## Task goal
Write out exactly the lines of the entries below from the one holding "Explore our Therapy" to the one holding "当制作某一特定厚度的印制板时", inclusive, and leave out all other lines.

-- Opening Marker --

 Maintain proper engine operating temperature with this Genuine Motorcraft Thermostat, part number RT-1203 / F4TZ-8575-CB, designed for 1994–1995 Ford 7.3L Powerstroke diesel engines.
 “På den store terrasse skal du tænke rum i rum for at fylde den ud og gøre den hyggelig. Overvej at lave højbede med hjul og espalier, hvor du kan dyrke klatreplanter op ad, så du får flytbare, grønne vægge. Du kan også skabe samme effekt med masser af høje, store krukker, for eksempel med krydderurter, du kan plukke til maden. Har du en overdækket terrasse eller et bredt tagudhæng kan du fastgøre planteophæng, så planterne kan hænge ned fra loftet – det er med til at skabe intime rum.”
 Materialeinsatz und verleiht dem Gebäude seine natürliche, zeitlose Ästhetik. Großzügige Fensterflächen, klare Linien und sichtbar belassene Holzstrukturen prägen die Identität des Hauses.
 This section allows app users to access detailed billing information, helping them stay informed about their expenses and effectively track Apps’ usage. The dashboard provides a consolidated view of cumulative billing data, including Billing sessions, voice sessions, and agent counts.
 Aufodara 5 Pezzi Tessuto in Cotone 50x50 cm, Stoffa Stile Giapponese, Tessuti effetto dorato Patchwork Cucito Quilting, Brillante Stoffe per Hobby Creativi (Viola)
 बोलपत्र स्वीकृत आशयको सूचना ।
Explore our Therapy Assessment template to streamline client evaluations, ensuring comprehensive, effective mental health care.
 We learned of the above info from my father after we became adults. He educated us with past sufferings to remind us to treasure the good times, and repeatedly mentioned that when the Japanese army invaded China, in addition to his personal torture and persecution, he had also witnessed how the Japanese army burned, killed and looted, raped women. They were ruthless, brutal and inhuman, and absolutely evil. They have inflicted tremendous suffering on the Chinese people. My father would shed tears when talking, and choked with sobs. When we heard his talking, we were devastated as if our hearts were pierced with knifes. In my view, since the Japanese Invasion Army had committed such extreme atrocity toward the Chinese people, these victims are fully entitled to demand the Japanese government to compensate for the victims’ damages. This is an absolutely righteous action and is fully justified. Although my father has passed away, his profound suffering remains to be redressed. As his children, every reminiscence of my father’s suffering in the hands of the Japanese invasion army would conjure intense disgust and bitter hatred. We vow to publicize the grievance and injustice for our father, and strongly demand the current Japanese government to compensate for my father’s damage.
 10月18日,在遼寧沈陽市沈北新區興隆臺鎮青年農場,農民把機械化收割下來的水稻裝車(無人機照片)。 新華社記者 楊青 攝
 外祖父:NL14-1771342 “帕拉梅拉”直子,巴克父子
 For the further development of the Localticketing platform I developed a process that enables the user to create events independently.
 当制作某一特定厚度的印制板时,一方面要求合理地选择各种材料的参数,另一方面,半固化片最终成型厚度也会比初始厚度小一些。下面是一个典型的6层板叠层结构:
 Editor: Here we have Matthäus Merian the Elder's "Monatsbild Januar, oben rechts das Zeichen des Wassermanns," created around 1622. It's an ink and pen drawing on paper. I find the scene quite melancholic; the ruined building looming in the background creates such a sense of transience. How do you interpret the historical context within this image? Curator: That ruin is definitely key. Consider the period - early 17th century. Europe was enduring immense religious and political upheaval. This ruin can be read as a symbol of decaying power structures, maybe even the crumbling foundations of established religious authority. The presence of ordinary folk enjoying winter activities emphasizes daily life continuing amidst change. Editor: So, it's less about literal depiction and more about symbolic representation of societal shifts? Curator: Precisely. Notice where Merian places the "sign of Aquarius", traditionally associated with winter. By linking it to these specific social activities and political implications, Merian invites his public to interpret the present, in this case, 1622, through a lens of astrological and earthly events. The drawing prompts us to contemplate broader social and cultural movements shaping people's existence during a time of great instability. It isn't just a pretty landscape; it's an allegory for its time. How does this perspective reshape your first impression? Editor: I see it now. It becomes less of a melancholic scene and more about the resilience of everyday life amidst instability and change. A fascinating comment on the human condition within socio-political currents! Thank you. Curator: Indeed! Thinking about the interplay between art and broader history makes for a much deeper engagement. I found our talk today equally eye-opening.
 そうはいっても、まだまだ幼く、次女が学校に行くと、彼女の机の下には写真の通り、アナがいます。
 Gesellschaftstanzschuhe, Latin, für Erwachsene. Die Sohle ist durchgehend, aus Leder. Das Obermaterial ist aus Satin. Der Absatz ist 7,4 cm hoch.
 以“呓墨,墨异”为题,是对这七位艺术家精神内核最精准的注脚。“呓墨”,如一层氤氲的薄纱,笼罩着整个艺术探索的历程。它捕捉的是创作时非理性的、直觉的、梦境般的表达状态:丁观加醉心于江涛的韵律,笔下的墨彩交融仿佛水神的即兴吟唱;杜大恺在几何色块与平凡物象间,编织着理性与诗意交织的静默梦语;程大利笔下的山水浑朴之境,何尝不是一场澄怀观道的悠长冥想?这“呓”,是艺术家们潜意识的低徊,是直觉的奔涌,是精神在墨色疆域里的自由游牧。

-- Closing Marker --

## Answer space
Explore our Therapy Assessment template to streamline client evaluations, ensuring comprehensive, effective mental health care.
 We learned of the above info from my father after we became adults. He educated us with past sufferings to remind us to treasure the good times, and repeatedly mentioned that when the Japanese army invaded China, in addition to his personal torture and persecution, he had also witnessed how the Japanese army burned, killed and looted, raped women. They were ruthless, brutal and inhuman, and absolutely evil. They have inflicted tremendous suffering on the Chinese people. My father would shed tears when talking, and choked with sobs. When we heard his talking, we were devastated as if our hearts were pierced with knifes. In my view, since the Japanese Invasion Army had committed such extreme atrocity toward the Chinese people, these victims are fully entitled to demand the Japanese government to compensate for the victims’ damages. This is an absolutely righteous action and is fully justified. Although my father has passed away, his profound suffering remains to be redressed. As his children, every reminiscence of my father’s suffering in the hands of the Japanese invasion army would conjure intense disgust and bitter hatred. We vow to publicize the grievance and injustice for our father, and strongly demand the current Japanese government to compensate for my father’s damage.
 10月18日,在遼寧沈陽市沈北新區興隆臺鎮青年農場,農民把機械化收割下來的水稻裝車(無人機照片)。 新華社記者 楊青 攝
 外祖父:NL14-1771342 “帕拉梅拉”直子,巴克父子
 For the further development of the Localticketing platform I developed a process that enables the user to create events independently.
 当制作某一特定厚度的印制板时,一方面要求合理地选择各种材料的参数,另一方面,半固化片最终成型厚度也会比初始厚度小一些。下面是一个典型的6层板叠层结构:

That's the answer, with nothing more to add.